GOAL OF THE EXERCISE: Produce as output only the lines below starting at the line with "Μετά χωριστήκαμε σε" and continuing through the line with "POWER: Switch the TV on or into standby", each one exactly as written.

MATERIAL FOR THIS TASK:
▼▼▼
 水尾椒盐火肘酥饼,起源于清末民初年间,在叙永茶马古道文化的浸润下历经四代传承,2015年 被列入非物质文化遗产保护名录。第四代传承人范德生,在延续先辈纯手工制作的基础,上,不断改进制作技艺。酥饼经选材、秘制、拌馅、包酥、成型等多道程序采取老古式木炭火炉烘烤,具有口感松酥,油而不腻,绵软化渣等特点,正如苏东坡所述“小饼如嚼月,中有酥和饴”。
▲▲▲
▼▼▼
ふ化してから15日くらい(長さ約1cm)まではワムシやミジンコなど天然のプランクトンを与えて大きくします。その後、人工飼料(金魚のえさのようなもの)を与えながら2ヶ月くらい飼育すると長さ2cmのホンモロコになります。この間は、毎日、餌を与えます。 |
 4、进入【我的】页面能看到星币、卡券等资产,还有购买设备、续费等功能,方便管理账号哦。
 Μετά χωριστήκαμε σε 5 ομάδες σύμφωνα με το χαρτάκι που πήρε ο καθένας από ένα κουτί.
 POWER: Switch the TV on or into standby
▲▲▲
RESPONSE:
 Μετά χωριστήκαμε σε 5 ομάδες σύμφωνα με το χαρτάκι που πήρε ο καθένας από ένα κουτί.
 POWER: Switch the TV on or into standby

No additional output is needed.